FIG. 11 is an example of a processing flowchart in which the triple extracted from the standard component structured data 103 in step 907 is matched with the data extracted from the document structure analysis part 105. A query is generated using an object of the triple extracted from the standard component structured data 103, as a variable (step 1101). A query by SPARQL (SPARQL Protocol and RDF Query Language) is suitably used herein, similarly to the query in the processing flowchart of FIG. 10. A query is issued to the triple extracted by the document structure analysis part 105 (step 1102). As a result, an object matching a triple having the subject and the predicate is obtained and is buffered (step 1103). Next, whether or not an object matching the triple is present in the obtained object or objects is checked (step 1104). If present, it means that the object is present in the requirement specification 101, and thus, the object is not critical. If not present, the object is registered in the critical passage buffer (step 1105). Note that the processing of FIG. 11 is performed for extracting a component which is present in own standard specification but is not required from a customer. Thus, the component is not always critical. Rather, the processing of FIG. 11 is performed for extracting a component necessary to draw an attention to the customer.

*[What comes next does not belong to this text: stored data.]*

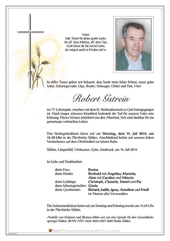 Du hast mich auch gleich an der Stimme erkannt wenn ich zu Besuch war im Elternhaus meiner Mama. Immer wieder hast du von deinen Tieren erzählt. Du warst halt ein Bauer aus Leidenschaft. Oft habe ich deine Bescheidenheit und Geduld bewundert mit der du deine Krankheit getragen hast. Jetzt aber hast du deinen Frieden gefunden den wir dir alle von ganzem Herzen gönnen . Pfiti Robert und Ruhe in Gottes ewigen Frieden .
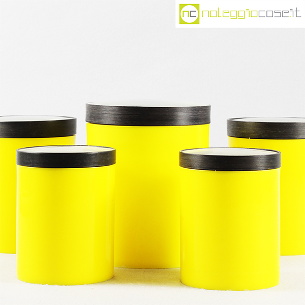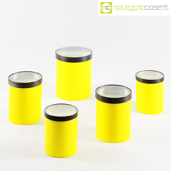 Kartell, barattoli tondi gialli con coperchio a lente, Gino Colombini, 1965, grande cm 12,5×12,5×15, medi cm 10,5×10,5×13,5, piccoli cm 9x9x11,5
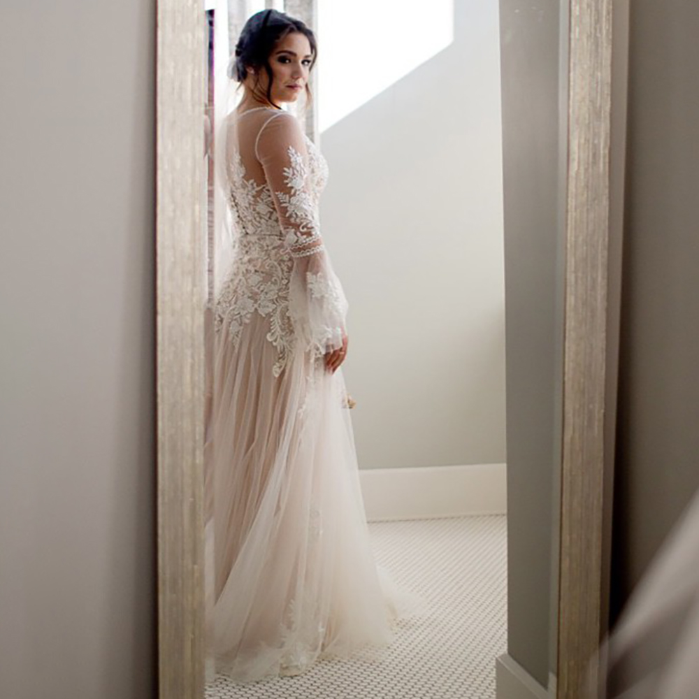 Feminine Whimsical Long Bell Sleeves Embroidery Lace Wedding Gowns Custom Made A Line Boho High Split Skirt Tulle Bridal Dress
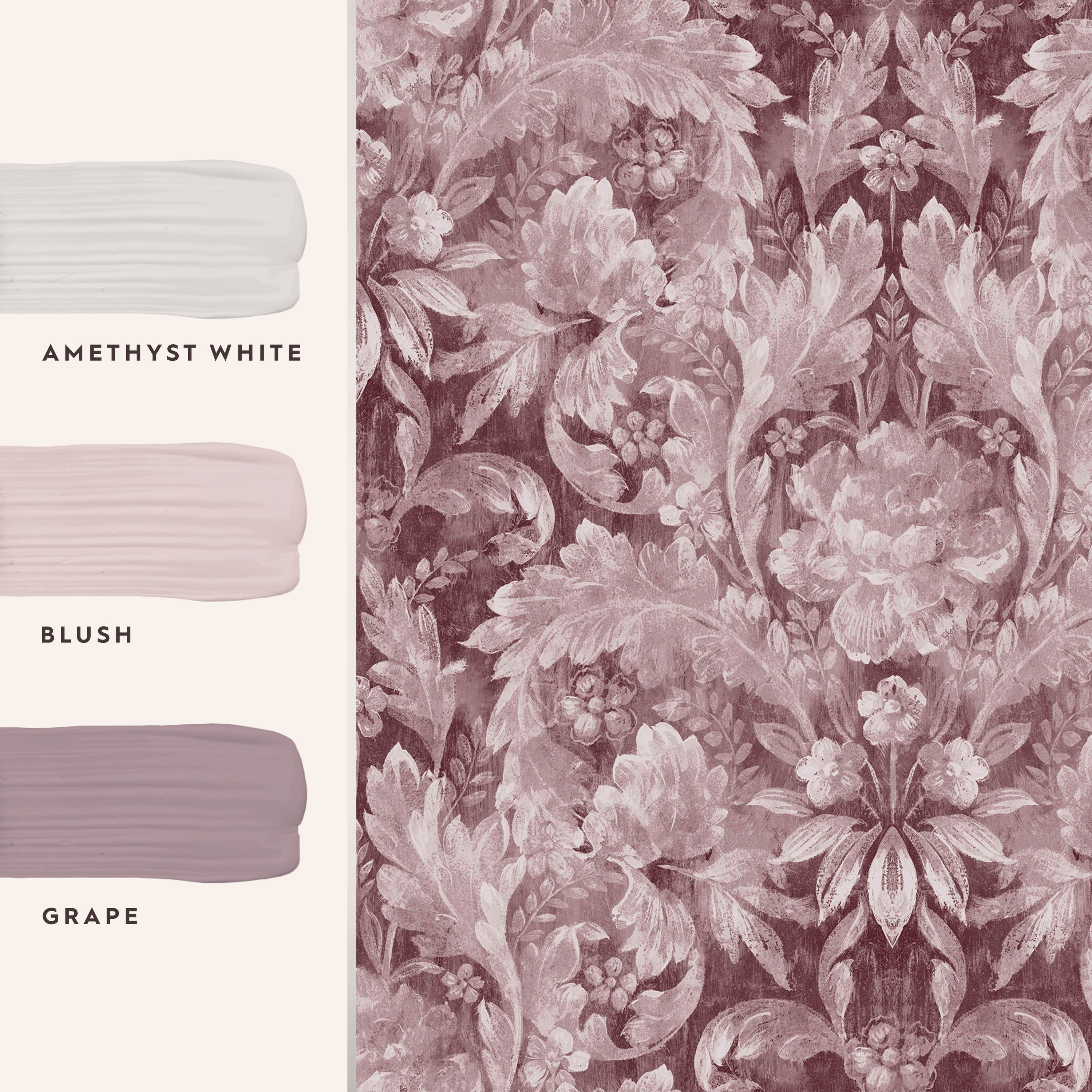 Tijdloos en elegant, deze sierlijke damastprint heeft krullende acanthus en bladeren die het ontwerp vormen rond primula, sleutelbloemplanten, rozen en pioenroos bloemhoofdjes.
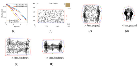 Figure 10a reveals that the difference between the time of gathering 200 animals and 1000 animals is not that obvious, with both the proposed method and the benchmark method. The proposed method, however, can always use less time to complete the gathering mission. This is because that the proposed method always chases and repulses the animals that are farthest to the centre, while the benchmark method is repulsing the animals indiscriminately. Therefore, the animals’ footprint with the proposed method becomes increasingly round-like during shrinking, while animals’ footprint with the benchmark method becomes long and narrow. This fact can be observed by comparing
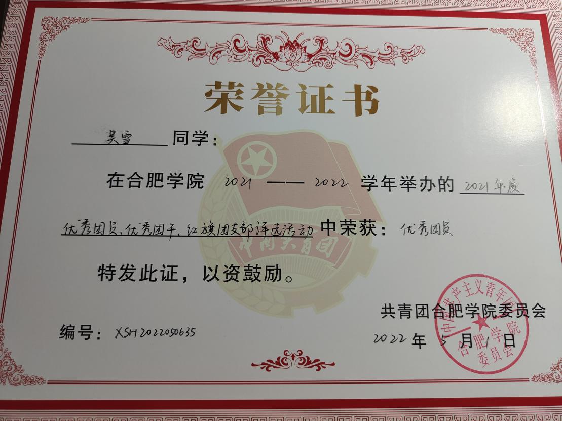爱因斯坦说:“成功没有捷径,唯有热爱与坚持。”吴雪同学自入学以来,始终把提升自我作为最重要的目标。她认真对待每一门课程,在图书馆闭馆时的月光陪伴下努力学习,连续三年综测班级前10%,斩获校特、一、二等奖学金。
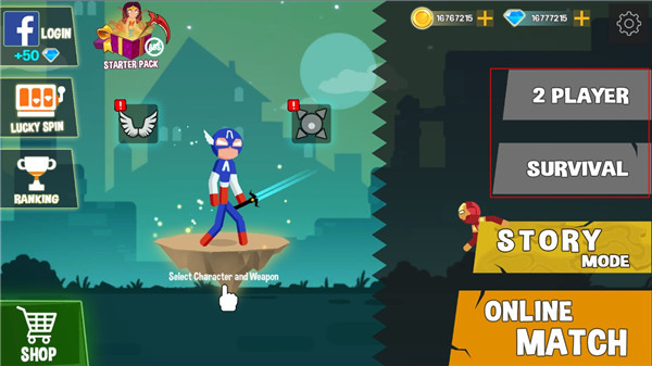 2、在这里你还可以和你的好友一较高下,或是选择你最喜欢的武器,挑战你的极限;
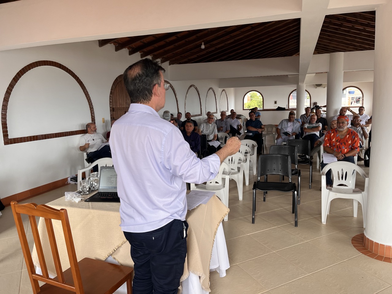 No segundo momento da manhã os presbíteros participaram da palestra ministrada pelo Padre Aldir Roque Los, da Diocese de São Mateus, que refletiu sobre a temática da Santificação do Clero. Ele iniciou sua fala discorrendo sobre um texto de Rubens Alves, intitulado “ter olhos de poeta”, e afirmou logo de início: “Precisaríamos ter uma vida de padre mais poética”.
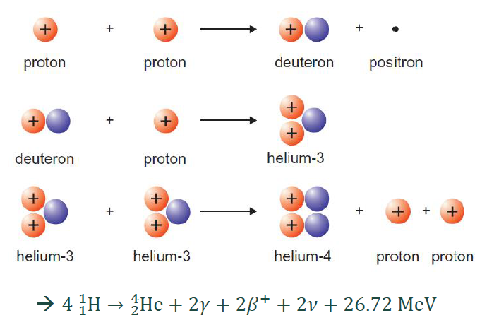 흔히 핵융합을 논할 때 예시로 드는 것 중 하나가 태양이다. 태양은 항성 내부의 수소가 헬륨으로 변하는 핵융합 반응을 통해 막대한 에너지를 얻는다. 대표적인 반응은 양성자(수소 원자핵) 4개가 모여 헬륨 1개를 만드는 반응이다.

FIG. 12 is an example of a configuration of a critical passage buffer, that is, difference information. The critical passage buffer is created in the memory 202 and is not necessarily stored in the storage device 205. However, the critical passage buffer may be also suitably created in the storage device 205. A critical sentence column 1201 contains a sentence which contains a critical passage and is an original sentence having the triple. A subject column 1202 contains a subject of the triple determined to be critical in the processing of FIG. 10. A subject location column 1203 contains a starting location of the subject in the requirement specification 101. An object column 1204 contains an object of the triple determined to be critical in the processing of FIG. 10. An object location column 1205 contains a starting location of the object in the requirement specification. A type column 1206 contains a flag indicating how a critical passage is detected. More specifically, the type column 1206 contains “1” if the component is not present in the standard component structured data 103 but is present in the requirement specification 101. The type column 1206 contains “2” if the component is not present in the requirement specification 101 but is present in the standard component structured data 103. In the former case, the subject column 1202 and the object column 1204 contain respective phrases based on the description in the requirement specification 101; and the subject location column 1203 and the object location column 1205 also contain respective phrases based on the description in the requirement specification 101. On the other hand, in the latter case, the subject column 1202 and the object column 1204 contain the subject and object of the standard component structured data 103, and the subject location and the object location leave blank. The deviation/clarification sentence number column 1207 represents a number of a response sentence described in the deviation/clarification 111. This is stored in the standard component structured data 103, and is represented with a relationship of “devi” in FIG. 4. In the case of node 401 for example, “1” is connected with a relationship “devi”. Therefore a passage specified as “1” with the deviation/clarification sentence number will be described in the deviation/clarification 111.
Further, the structure of the critical passage buffer may be used also for the standard matching passage buffer. In this case, type column 1206 and deviation/clarification sentence number 1207 may leave blank.
As described above, difference information in the column shown with type “1” is a component that is not present in the standard component structured data 103 but is present in the requirement specification 101. Similarly, difference information in the column shown with type “2” is a component that is not present in the requirement specification 101 but is present in the standard component structured data 103.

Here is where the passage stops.